ÉNONCɶ
Dans ce problème, une séquence d'ADN est une suite finie de lettres dans l'ensemble {A,T,G,C}. Chaque lettre sera appelée un nucléotide.
Un biologiste dispose d'une séquence s d'ADN de longueur N dont il ne connaît pas l'agencement des nucléotides. L'opération qui consiste à découvrir la suite des nucléotide est le séquençage. Pour séquencer son brin d'ADN, le biologiste fabrique physiquement plusieurs copies de s. Toutes ces copies sont ensuite placées dans une machine, qui les casse aléatoirement en petits morceaux plus facilement reconnaissables. Enfin, la machine renvoie la séquence exacte de certains de ces petits morceaux. Le but de ce problème est de calculer combien de séquences s sont possibles, sachant que s est de longueur N, et en connaissant les données renvoyées par la machine.

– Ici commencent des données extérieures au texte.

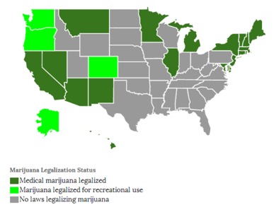Medical use of marijuana is legal in Alaska, Arizona, California, Colorado, Nevada, Oregon, Washington and a few other states as well. Recreational use of Marijuana is legal in Colorado, Alaska, Oregon, and Washington.

Prenons un exemple. La séquence initiale (mais qui nous est inconnue) est TAAACG. La machine en fait plusieurs copies, et morcelle chacune de celles-ci comme suit :
- TAAACG -> TA, AA, CG
- TAAACG -> T, AAAC, G
- TAAACG -> T, AA, AACG
Ensuite, la machine lit certains de ces morceaux (pas nécessairement dans le
bon sens !). Imaginons qu'elle renvoie les morceaux suivants :
AT, AACG
(remarquez que le premier morceau est inversé).
Alors 22 chaînes de longueur 5 sont possibles :
AACGAT AACGTA ATAACG ATGCAA
AGCAAT TAAACG TAACGA TAACGT
TAACGG TAACGC TAGCAA TTAACG
TGCAAT GTAACG GGCAAT GCAAAT
GCAATA GCAATT GCAATG GCAATC
CTAACG CGCAAT
Remarquez que toutes ces chaînes contiennent AT
et AACG
, dans un sens ou dans l'autre, et se chevauchant éventuellement.
ENTRÉE¶
- Sur la première ligne : l'entier N (entre 1 et 25, bornes incluses).
- Sur la deuxième ligne : l'entier M (entre 1 et 7, bornes incluses).
- Sur les M prochaines lignes, les morceaux d'ADN tels que lus par la machine.
SORTIE¶
- Un entier, le nombre de chaînes initiales possibles.